New law requires Illinois public schools to share information at annual IEP meetings.

It’s back to school! Did you know that, with this new school year, parents and guardians of Illinois public school students who have Individualized Education Plans (IEPs) must now be provided with information about IL ABLE Accounts during the students’ annual IEP meetings?

Illinois State Treasurer Michael Frerichs has partnered with the Illinois State Board of Education to ensure that the estimated 290,000 Illinois public school students who have IEPs – many of whom are eligible to own an IL ABLE Account –will receive information about IL ABLE Accounts at every annual IEP meeting. This is thanks to legislation, sponsored by Sen. David Koehler of Peoria and Rep. Dagmara “Dee” Avelar of Bolingbrook, which passed unanimously with bipartisan support.

“Families of students with disabilities may have additional considerations when planning for the future of their children. IL ABLE Accounts are an important financial tool that can help build financial resilience for their students and help them save for current and future disability-related expenses,” said Treasurer Michael Frerichs.

It’s never too early to start saving. For families with children whose disabilities may make them eligible for federal disability benefits programs in adulthood – benefits such as Supplemental Security Income (SSI) and Medicaid – funds in an IL ABLE Account will not be counted as an asset when he or she applies for benefits. That means that up to $100,000 in ABLE Account assets will be protected from SSI asset tests and no asset limit for Medicaid.  Read about IL ABLE & Public Benefits.

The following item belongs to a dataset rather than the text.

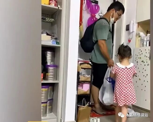 门开了,满头大汗的年轻爸爸,顾不得擦拭脸上的汗水,赶紧把手里提着的物品交给女儿,那都是孩子喜欢吃的东西。

With IL ABLE Accounts, people with disabilities and their families can save and invest their money, up to $17,000 a year,  for Qualified Disability Expenses. This includes expenditures on assistive technology, therapies, specialized equipment, transportation, job coaching, health care, education and more.

There are tax benefits as well. Earnings and withdrawals are tax-free when used for Qualified Disability Expenses. Plus, Illinois taxpayers who contribute to an IL ABLE Account may be eligible to take a state income tax deduction of up to $10,000 if filing as an individual and $20,000 jointly.